During the run-up to the election, as Trump continued his anti-Mexican and anti-immigrant tirades, presidential contenders in Mexico unsurprisingly adopted, to varying degrees, a robust anti-Trump stance. And while Trump didn’t move the needle on how Mexicans voted, he might certainly impact the appetite and bandwidth with which the new Mexican government, conceivably composed of cabinet and subcabinet officials who have previously had precious little diplomatic U.S.-Mexico diplomatic experience, will devise policies toward their northern neighbor.
Notwithstanding, López Obrador underscored throughout the campaign that his objective was to strive for productive, mutually respectful relations with the United States and to support the successful renegotiation of the North American Free Trade Agreement (NAFTA). He even began to articulate some half-baked but nonetheless forward-looking proposals for joint and holistic engagement in Central America to foster economic growth and institutional resilience as a tool to reduce transmigration and enhance security there.

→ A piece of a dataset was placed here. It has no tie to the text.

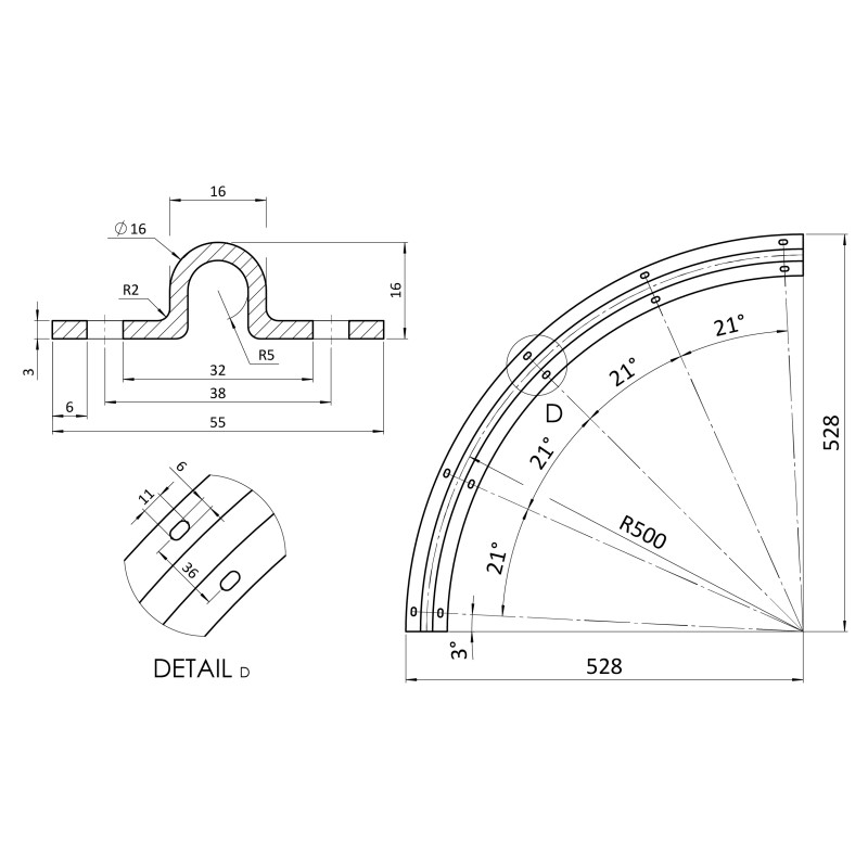 Vodiaci profil pre brány, U ø16mm profil, polomer 0.5m, zakrivenie 90 stupňov
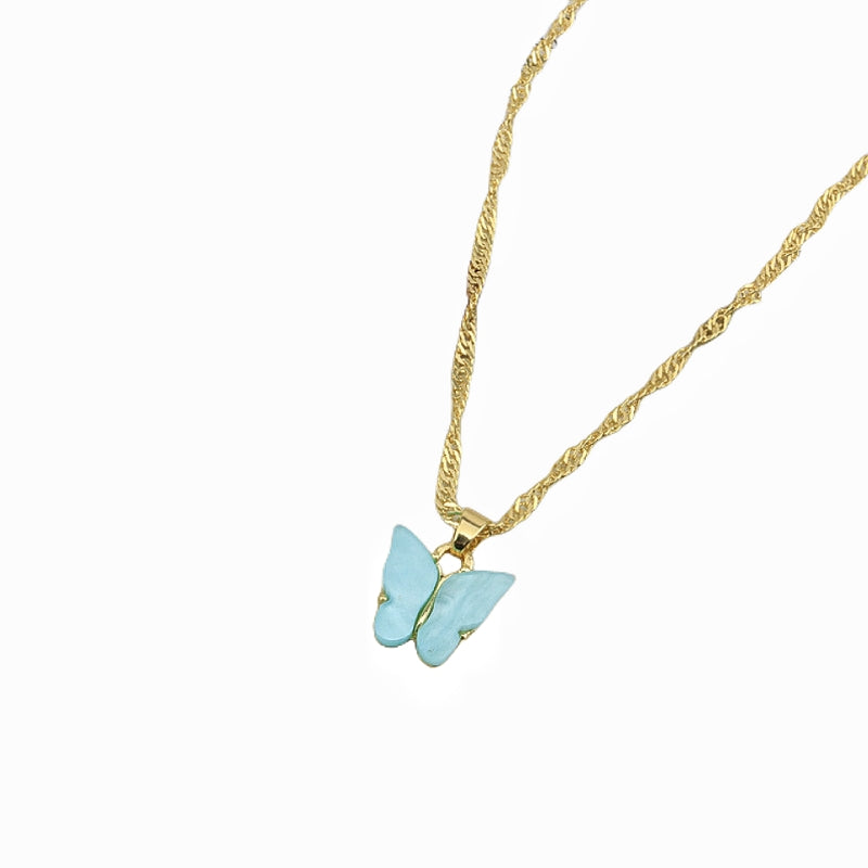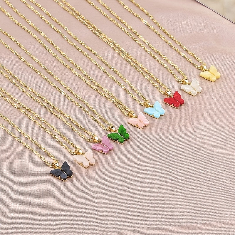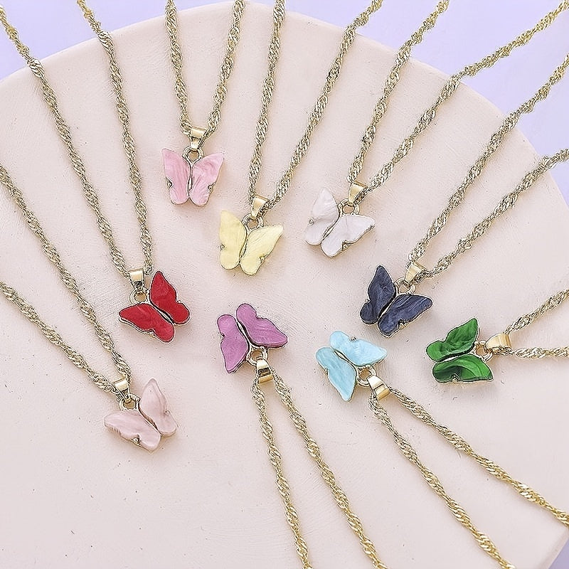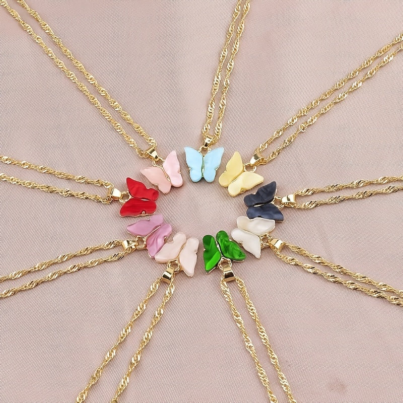 This stunning necklace set features colorful acrylic butterfly design, perfect for parties and Christmas celebrations.

Mexico’s next leader does need to fully comprehend what drives Trump’s view of Mexico. It’s first and foremost a personal issue, turbocharged by political-electoral expediency and dynamics fundamental to mobilizing his base. Any proactive or containment-driven strategies devised and implemented by the next Mexican government need to take this into account. Arguing that the strategy is to “make Donald Trump respect Mexico” not only smacks of Panglossian optimism, it will most likely fail.

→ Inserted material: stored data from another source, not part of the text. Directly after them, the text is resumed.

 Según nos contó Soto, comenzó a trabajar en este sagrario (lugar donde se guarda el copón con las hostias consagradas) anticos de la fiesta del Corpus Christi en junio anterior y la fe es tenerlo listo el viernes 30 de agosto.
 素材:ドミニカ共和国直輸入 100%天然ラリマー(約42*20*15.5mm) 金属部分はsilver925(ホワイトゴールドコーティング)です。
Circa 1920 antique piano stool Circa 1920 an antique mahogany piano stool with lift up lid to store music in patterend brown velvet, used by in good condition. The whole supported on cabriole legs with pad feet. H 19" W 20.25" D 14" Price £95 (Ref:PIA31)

Washington has for too long taken for granted Mexico’s cooperation on a host of fronts like counter-narcotics, intelligence sharing, counterterrorism and curbs to Central American transmigration through Mexico. Many of these facets will most likely be up for a full-fledged and overdue review under a López Obrador administration. In many ways, the next president of Mexico will likely approach ties with the United States in a way that’s familiar to the Trump White House: Mexico First. And while Mexico will certainly not go rogue on the United States, bilateral ties under López Obrador might well pivot back to the very basic, meat-and-potatoes relationship of yore — formal and correct but lacking strategic depth.
Both leaders today stand at a crossroads: they can ensure that Mexico and the United States remain partners in success, or they can become accomplices in failure. At stake is the security and prosperity of millions of Americans and Mexicans and, despite the challenges inherent to such an asymmetrical relationship, more than two decades of a success story of convergence and greater interdependence.